Fluorosilicic acid is composed of
tetrafluorosiliciate gas and other species of fluorine gases captured in
pollution scrubbers and concentrated into a 23% solution during wet process
phosphate fertilizer manufacture. Generally, the acid is stored in outdoor
cooling ponds before being shipped to US cities to artificially fluoridate
drinking water.
Fluoridating drinking water with
recovered pollution is a cost-effective means of disposing of toxic waste.
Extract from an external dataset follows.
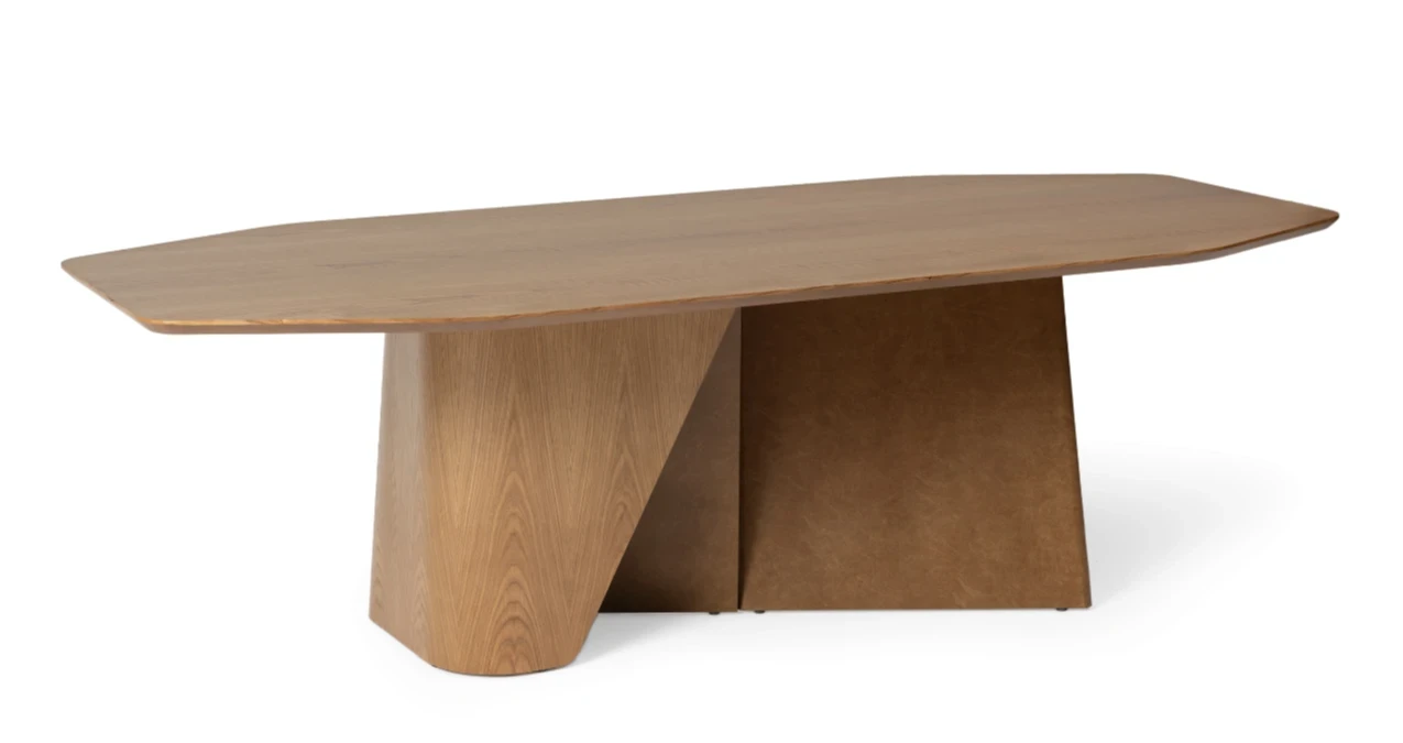 A mesa de jantar Adágio possui base central formada por planos verticais e inclinados que criam uma geometria surpreendente. Revestida com lâmina natural de madeira e recouro no centro, a base oferece um efeito visual sofisticado, que varia conforme o ângulo de visão. O tampo octogonal, com laterais delgadas e cantos arredondados, completa o design leve e refinado.
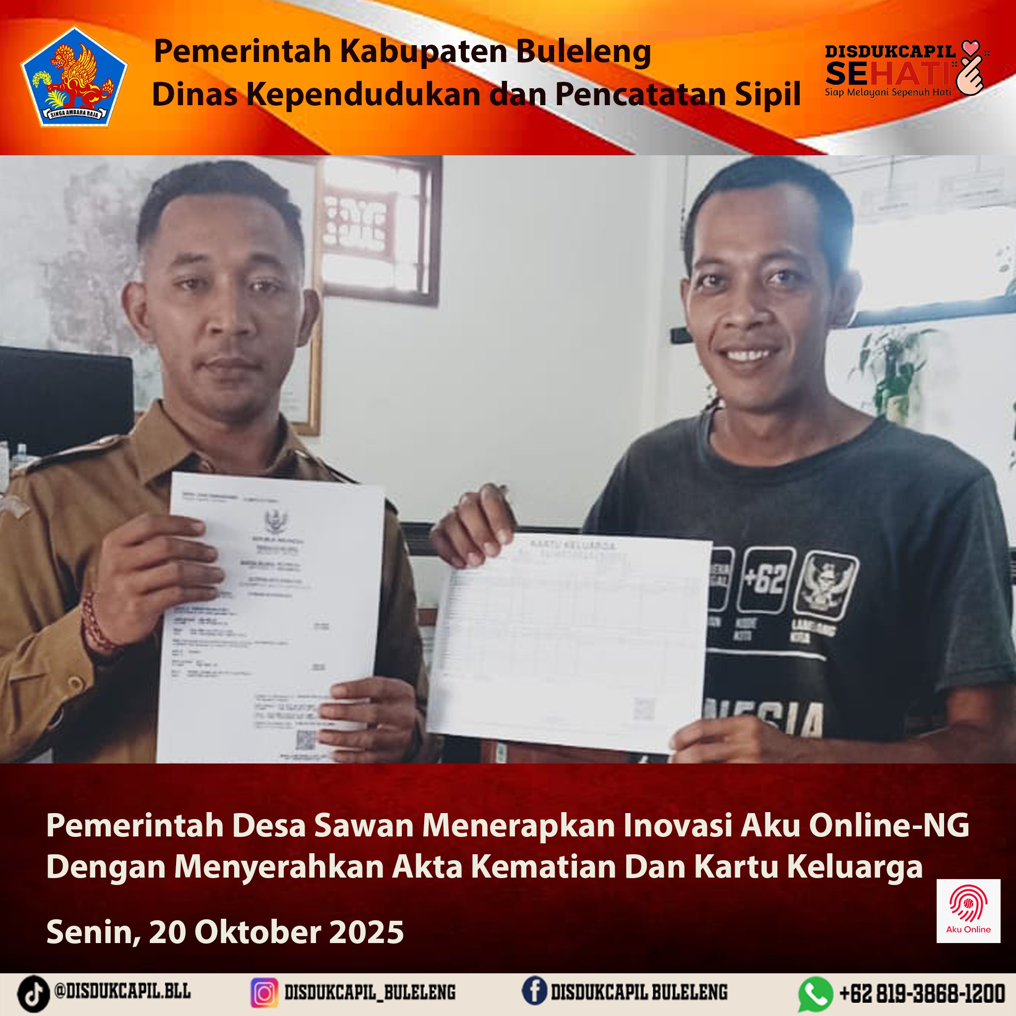 Pemerintah Kabupaten Buleleng melalui Dinas Kependudukan dan Pecatatan Sipil (Disdukcapil) Kabupaten Buleleng memaksimalkan serta mempermudah pelayanan kependudukan masyarakat dengan beberapa inovasi, melalui aplikasi AKU Online-NG. Dimana dalam penerapan aplikasi Aku Online-NG tersebut masyarakat tidak perlu lagi datang ke Dinas Dukcapil untuk melakukan pelayanan langsung cukup dengan datang ke Desa nanti akan dibantu oleh operator Desa masing-masing. Di Desa Sawan Kecamatan Sawan, telah diserahkan dokumen kependudukan berupa Akta Kematian dan Kartu Keluarga yang diserahkan secara langsung oleh Staf Operator Desa Sawan, Senin (20/10).

The fluorosilicic acid would otherwise be classified as a hazardous toxic
waste on the Superfund Priorities List of toxic substances that pose the
most significant risk to human health and the greatest potential liability
for manufacturers.
Phosphate fertilizer suppliers
have more than $10 billion invested in production and mining facilities in
Florida. Phosphate fertilizer production accounts for $800 million in wages
per year. Florida's mines produce 30% of the world supply and 75% of the US
supply of phosphate fertilizers. Much of the country's supply of
fluoro-silicic acid for water fluoridation is also produced in Florida.
Phosphate fertilizer
manufacturing and mining are not environment friendly operations. Fluorides
and radionuclides are the primary toxic pollutants from the manufacture of
phosphate fertilizer in Central Florida. People living near the fertilizer
plants and mines, experience lung cancer and leukemia rates that are double
the state average. Much of West Central Florida has become a toxic waste
dump for phosphate fertilizer manufacturers. Federal and state pollution
regulations have been modified to accommodate phosphate fertilizer
production and use: These regulations have included using recovered
pollution for water fluoridation.
Radium wastes from filtration
systems at phosphate fertilizer facilities are among the most radioactive
types of naturally occurring radioactive material (NORM) wastes. The radium
wastes are so concentrated, they cannot be disposed of at the one US
landfill licensed to accept NORM wastes, so manufacturers dump the
radioactive wastes in acidic ponds atop 200-foot-high gypsum stacks. The
federal government has no rules for its disposal.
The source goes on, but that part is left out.